雨世に寄す(令和二年七月十五日)

新暦文月の五月雨いまだ降りやまず、二十日ばかりも過ぎぬべし。余が住まふ下総が習志野はしとしとと優しき雨なれど、肥後豊後に降るはすさまじく球磨川町を飲みて人命多く奪ひけり。しかのみにあらず昨日は余が故郷出雲が近き石見の江川も決壊したと聞きて、もはやいずくにぞ人の安らかに住まうところのあるべきや。

思へば被害甚大の去年の房総、千曲川、激しき雨にて人々畏怖せしめて変わる月は七つばかりにすぎず、八大龍王への請願虚しく、今年も豪雨ぞ悲劇の傷列島に残さむとす。

かかる因果は世にいふ温暖化とすればいかがせむ。

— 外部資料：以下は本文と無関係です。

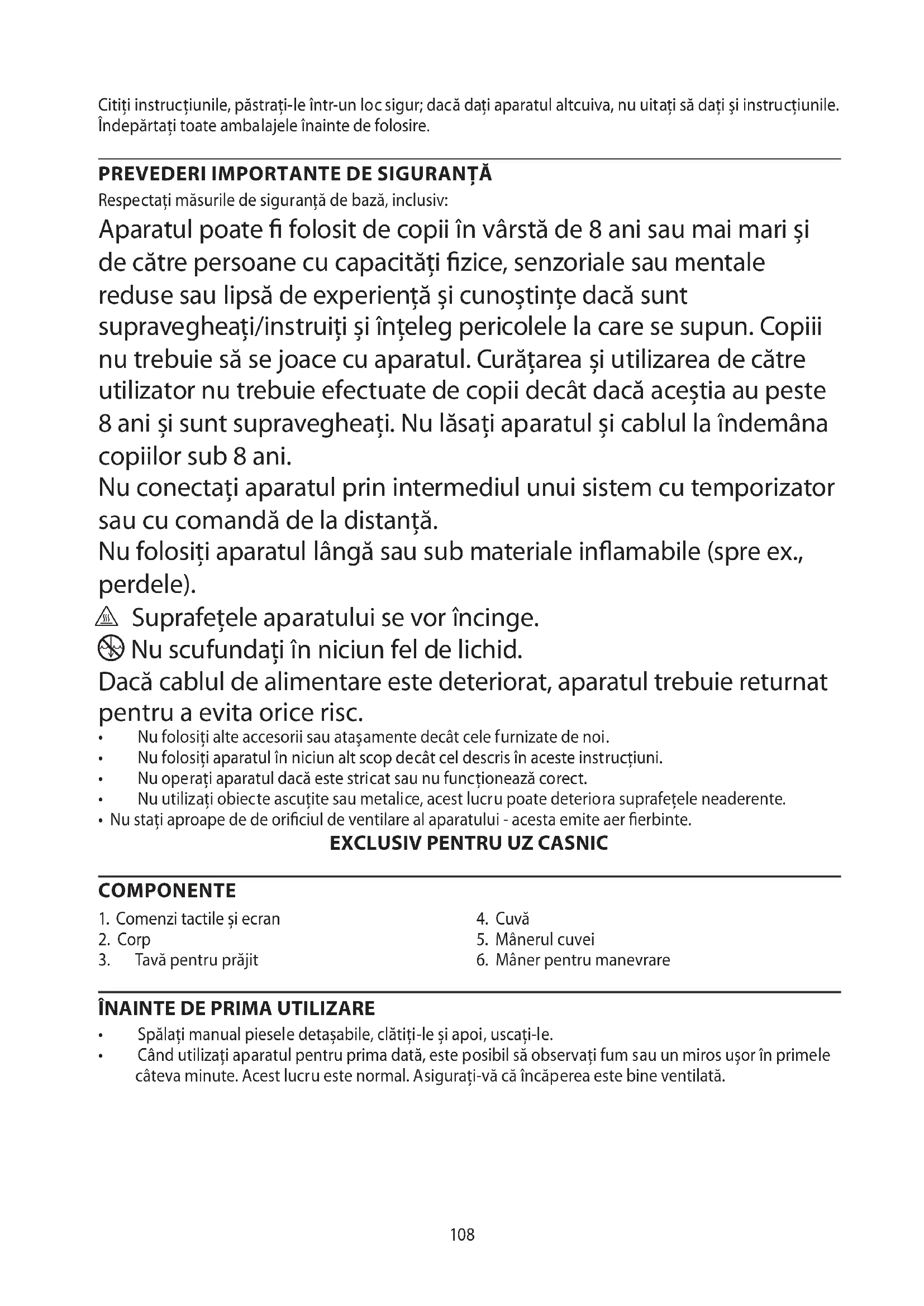 Respectați măsurile de siguranță de bază, inclusiv: Aparatul poate fi folosit de copii în vârstă de 8 ani sau mai mari și de către persoane cu capacități fizice, senzoriale sau mentale reduse sau lipsă de experiență și cunoștințe dacă sunt supravegheați/instruiți și înțeleg pericolele la care se supun. Copiii nu trebuie să se joace cu aparatul. Curățarea și utilizarea de către utilizator nu trebuie efectuate de copii decât dacă aceștia au peste 8 ani și sunt supravegheați. Nu lăsați aparatul și cablul la îndemâna copiilor sub 8 ani. Nu conectați aparatul prin intermediul unui sistem cu temporizator sau cu comandă de la distanță. Nu folosiți aparatul lângă sau sub materiale inflamabile (spre ex., perdele). ¬ Suprafețele aparatului se vor încinge. i Nu scufundați în niciun fel de lichid. Dacă cablul de alimentare este deteriorat, aparatul trebuie returnat pentru a evita orice risc.

己のみをよしとする大国ありぬればパリの契りむなしく、世をたひらげる一筋の光明も消えぬべし。恥ずべきかな。今の世は宿世の理さへ絶えぬれば、現世のみよしとしてほかは知らぬ顔の輩定めて多かりけり。己が来世に子々孫々の豊かなること、これぞ今の人の留めるべきよしにあらざらんや。

あらためて知る、この世は草木一切に仏性あるを。